Upon the third day, Gafan returned to the slope of the enchanted hill and Mara’s warriors, not one but three, were waiting for him. Gafan was quick on his feet, and managed to kill one of them with his knife, another with his sling. But the third took his great sword and buried it in the brave young man’s heart. Yet, as the sun had descended beneath the hills, Gafan, in his moment of death, crushed the flower he’d held it his hand. A scream went up from the hill, as Mara and her Dark Warrior were set aflame by the energy of their own darkness, and slowly, painfully burned alive.

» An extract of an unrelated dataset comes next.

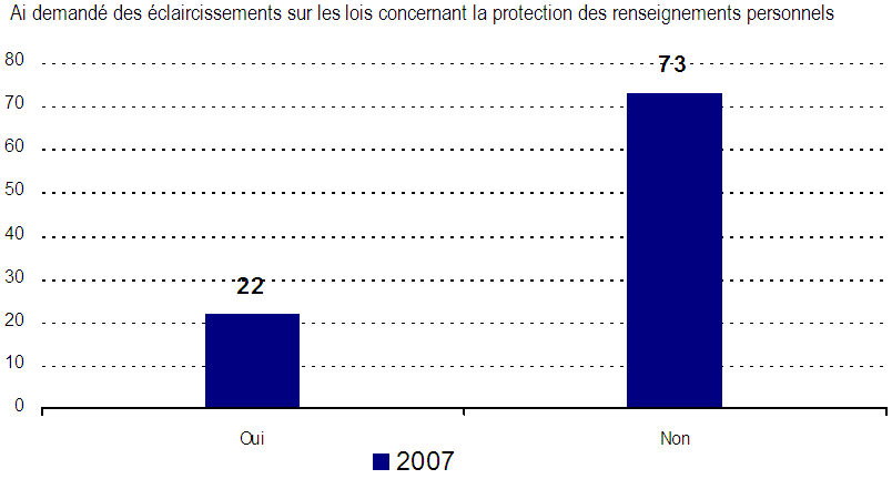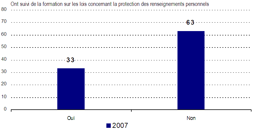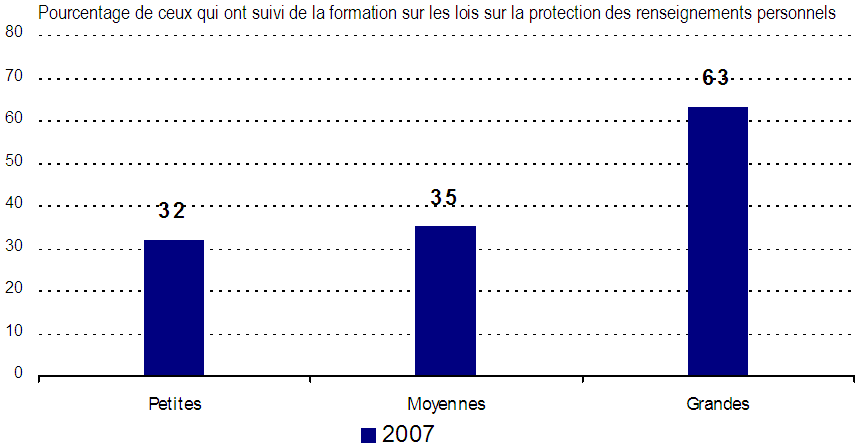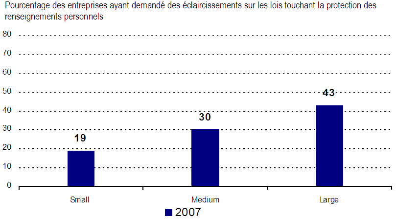 - Le tiers des entreprises seulement indiquent que des membres de leur personnel ont reçu de la formation au sujet des pratiques et obligations dans le contexte des lois canadiennes sur la protection des renseignements personnels, encore que ce soit beaucoup plus marqué chez les grandes entreprises. Par ailleurs, c’est dans une proportion inférieure à un pour cinq que les entreprises ont cherché à obtenir des éclaircissements sur leurs responsabilités, même si ce résultat est de nouveau beaucoup plus élevé chez les grandes entreprises.

Blodyn, meanwhile, had enacted her own sacrifice. She had felt the life draining from her as the flower was destroyed, and sensed the air growing thin. She lay upon the bank, gasping for the breath she could never regain. Then she felt her skin tearing and her bones splitting. Her ribs pierced through her body, and slivers of flesh and splinters of bone lay scattered, blood spurted from her mouth like a fountain, staining her fair face and stinging her dimming eyes.
She put her hand through the great, gaping wound in her heaving breast, reaching in past the ribs and lunges to where the heart was beating. She touched it, fingered it, grasped it. As if giving birth to her own death, she breathed in rhythm to that fluttering heart. Then with a great final effort, she tore it from her breast and cast it into the water, and her last breath turned to hanging fog and her eyes hardened like stones.

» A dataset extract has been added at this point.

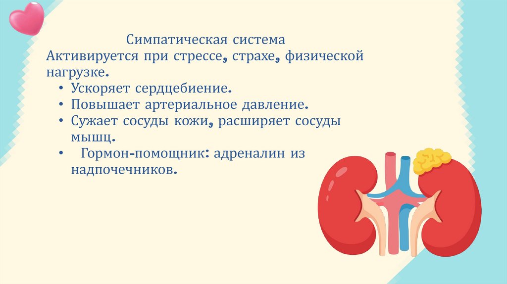 Симпатическая системаАктивируется при стрессе, страхе, физической

Blodyn’s soul flew off as a cream-colored seagull, screeching exultant in the sky. Gafan’s soul went off as a fox, into the woodlands with the right to rule through his wit. Mara and the dark-warrior’s souls flew away as ravens, evil-eyed and eager for revenge. During the first night, they devoured Blodyn’s flesh, and the sacred spring ran crimson with her blood. For days afterwards children of the valley played with her shattered bones as if they were shells and her torn hair as if it was water-weed.
The ravens would also go on to torment the fox, attacking him in the forests, turning the other animals against him, for they knew that it was fitting that the fox should destroy their race one day, once and for all. But he was too wily for them, and he prospered, and battled, and ruled.
And so it is that the ravens were born to vengeance, and the foxes born to boldness, and the seagulls born to the pain of lost love, as their cries echo along the shoreline with every setting sun.